Data shown:
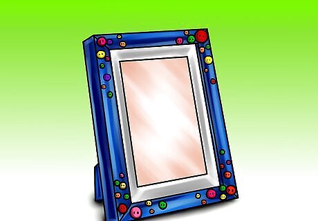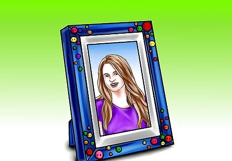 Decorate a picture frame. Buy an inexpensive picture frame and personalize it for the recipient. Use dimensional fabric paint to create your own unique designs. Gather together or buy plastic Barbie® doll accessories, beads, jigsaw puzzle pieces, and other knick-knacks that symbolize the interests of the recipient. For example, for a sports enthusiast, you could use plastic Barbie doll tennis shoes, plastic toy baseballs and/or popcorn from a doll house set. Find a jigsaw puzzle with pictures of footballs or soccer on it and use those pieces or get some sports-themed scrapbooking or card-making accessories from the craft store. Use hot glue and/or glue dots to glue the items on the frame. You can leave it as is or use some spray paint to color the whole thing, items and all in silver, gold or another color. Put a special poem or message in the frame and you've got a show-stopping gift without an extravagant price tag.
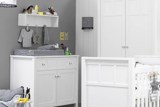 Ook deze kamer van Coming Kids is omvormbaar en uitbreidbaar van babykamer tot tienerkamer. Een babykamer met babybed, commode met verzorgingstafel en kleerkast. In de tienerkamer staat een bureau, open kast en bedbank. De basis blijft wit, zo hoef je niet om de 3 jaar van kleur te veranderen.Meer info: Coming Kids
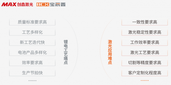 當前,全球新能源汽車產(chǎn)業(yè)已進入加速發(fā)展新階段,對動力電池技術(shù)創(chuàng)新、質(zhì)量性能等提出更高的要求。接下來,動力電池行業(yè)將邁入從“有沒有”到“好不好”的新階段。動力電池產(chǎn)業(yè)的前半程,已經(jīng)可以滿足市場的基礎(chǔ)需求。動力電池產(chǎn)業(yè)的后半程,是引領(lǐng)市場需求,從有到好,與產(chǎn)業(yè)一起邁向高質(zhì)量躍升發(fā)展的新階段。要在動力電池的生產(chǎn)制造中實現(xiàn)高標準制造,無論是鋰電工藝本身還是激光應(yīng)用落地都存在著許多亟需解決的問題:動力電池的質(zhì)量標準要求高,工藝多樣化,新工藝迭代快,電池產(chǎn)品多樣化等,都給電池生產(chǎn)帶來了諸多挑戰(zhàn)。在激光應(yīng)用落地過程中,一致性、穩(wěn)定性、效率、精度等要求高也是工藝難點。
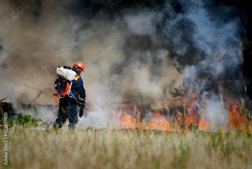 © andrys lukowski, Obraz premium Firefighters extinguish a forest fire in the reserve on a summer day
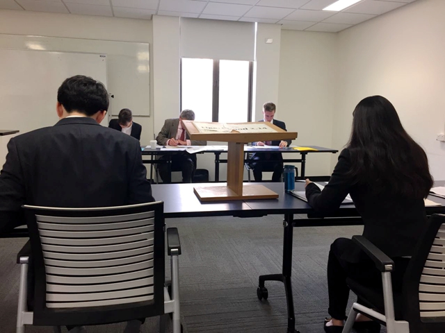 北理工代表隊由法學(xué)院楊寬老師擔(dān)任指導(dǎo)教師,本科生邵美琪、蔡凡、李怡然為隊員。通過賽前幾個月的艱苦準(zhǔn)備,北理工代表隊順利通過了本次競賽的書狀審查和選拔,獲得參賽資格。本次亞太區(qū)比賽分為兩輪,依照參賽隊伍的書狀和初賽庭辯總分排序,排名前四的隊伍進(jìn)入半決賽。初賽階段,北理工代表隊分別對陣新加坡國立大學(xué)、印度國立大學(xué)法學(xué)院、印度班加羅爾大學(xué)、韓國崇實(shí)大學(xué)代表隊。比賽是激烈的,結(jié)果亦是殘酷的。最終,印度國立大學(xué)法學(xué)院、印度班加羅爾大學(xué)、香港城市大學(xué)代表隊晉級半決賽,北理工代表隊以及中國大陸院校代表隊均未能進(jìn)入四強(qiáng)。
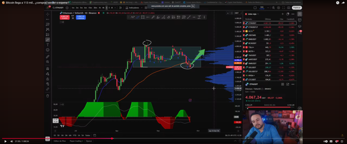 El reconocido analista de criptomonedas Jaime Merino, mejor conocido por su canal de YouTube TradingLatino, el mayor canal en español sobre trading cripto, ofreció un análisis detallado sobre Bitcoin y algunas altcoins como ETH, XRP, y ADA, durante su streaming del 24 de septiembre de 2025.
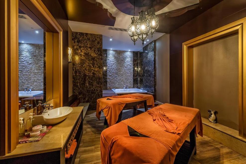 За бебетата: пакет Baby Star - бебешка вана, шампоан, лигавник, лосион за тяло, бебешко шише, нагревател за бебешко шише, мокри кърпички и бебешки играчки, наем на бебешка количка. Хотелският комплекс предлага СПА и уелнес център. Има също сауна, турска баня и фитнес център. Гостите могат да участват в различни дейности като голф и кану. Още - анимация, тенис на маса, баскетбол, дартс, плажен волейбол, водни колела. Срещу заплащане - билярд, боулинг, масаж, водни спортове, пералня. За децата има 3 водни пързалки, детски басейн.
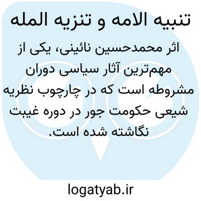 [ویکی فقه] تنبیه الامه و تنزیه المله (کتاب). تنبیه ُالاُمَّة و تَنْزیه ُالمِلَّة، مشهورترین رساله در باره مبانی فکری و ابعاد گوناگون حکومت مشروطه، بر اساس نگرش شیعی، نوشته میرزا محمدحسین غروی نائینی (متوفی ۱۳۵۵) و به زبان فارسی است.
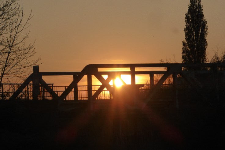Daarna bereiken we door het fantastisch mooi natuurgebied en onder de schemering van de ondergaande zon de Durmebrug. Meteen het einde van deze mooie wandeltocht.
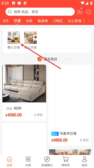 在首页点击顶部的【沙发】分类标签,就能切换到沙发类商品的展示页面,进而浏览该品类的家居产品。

Exercise description:
Every line above from the one with "當前,全球新能源汽車產(ch" down to the one with "За бебетата: пакет" must be written out exactly, and no picture may appear.

Answer box:
 當前,全球新能源汽車產(chǎn)業(yè)已進入加速發(fā)展新階段,對動力電池技術(shù)創(chuàng)新、質(zhì)量性能等提出更高的要求。接下來,動力電池行業(yè)將邁入從“有沒有”到“好不好”的新階段。動力電池產(chǎn)業(yè)的前半程,已經(jīng)可以滿足市場的基礎(chǔ)需求。動力電池產(chǎn)業(yè)的后半程,是引領(lǐng)市場需求,從有到好,與產(chǎn)業(yè)一起邁向高質(zhì)量躍升發(fā)展的新階段。要在動力電池的生產(chǎn)制造中實現(xiàn)高標準制造,無論是鋰電工藝本身還是激光應(yīng)用落地都存在著許多亟需解決的問題:動力電池的質(zhì)量標準要求高,工藝多樣化,新工藝迭代快,電池產(chǎn)品多樣化等,都給電池生產(chǎn)帶來了諸多挑戰(zhàn)。在激光應(yīng)用落地過程中,一致性、穩(wěn)定性、效率、精度等要求高也是工藝難點。
 © andrys lukowski, Obraz premium Firefighters extinguish a forest fire in the reserve on a summer day
 北理工代表隊由法學(xué)院楊寬老師擔(dān)任指導(dǎo)教師,本科生邵美琪、蔡凡、李怡然為隊員。通過賽前幾個月的艱苦準(zhǔn)備,北理工代表隊順利通過了本次競賽的書狀審查和選拔,獲得參賽資格。本次亞太區(qū)比賽分為兩輪,依照參賽隊伍的書狀和初賽庭辯總分排序,排名前四的隊伍進(jìn)入半決賽。初賽階段,北理工代表隊分別對陣新加坡國立大學(xué)、印度國立大學(xué)法學(xué)院、印度班加羅爾大學(xué)、韓國崇實(shí)大學(xué)代表隊。比賽是激烈的,結(jié)果亦是殘酷的。最終,印度國立大學(xué)法學(xué)院、印度班加羅爾大學(xué)、香港城市大學(xué)代表隊晉級半決賽,北理工代表隊以及中國大陸院校代表隊均未能進(jìn)入四強(qiáng)。
 El reconocido analista de criptomonedas Jaime Merino, mejor conocido por su canal de YouTube TradingLatino, el mayor canal en español sobre trading cripto, ofreció un análisis detallado sobre Bitcoin y algunas altcoins como ETH, XRP, y ADA, durante su streaming del 24 de septiembre de 2025.
 За бебетата: пакет Baby Star - бебешка вана, шампоан, лигавник, лосион за тяло, бебешко шише, нагревател за бебешко шише, мокри кърпички и бебешки играчки, наем на бебешка количка. Хотелският комплекс предлага СПА и уелнес център. Има също сауна, турска баня и фитнес център. Гостите могат да участват в различни дейности като голф и кану. Още - анимация, тенис на маса, баскетбол, дартс, плажен волейбол, водни колела. Срещу заплащане - билярд, боулинг, масаж, водни спортове, пералня. За децата има 3 водни пързалки, детски басейн.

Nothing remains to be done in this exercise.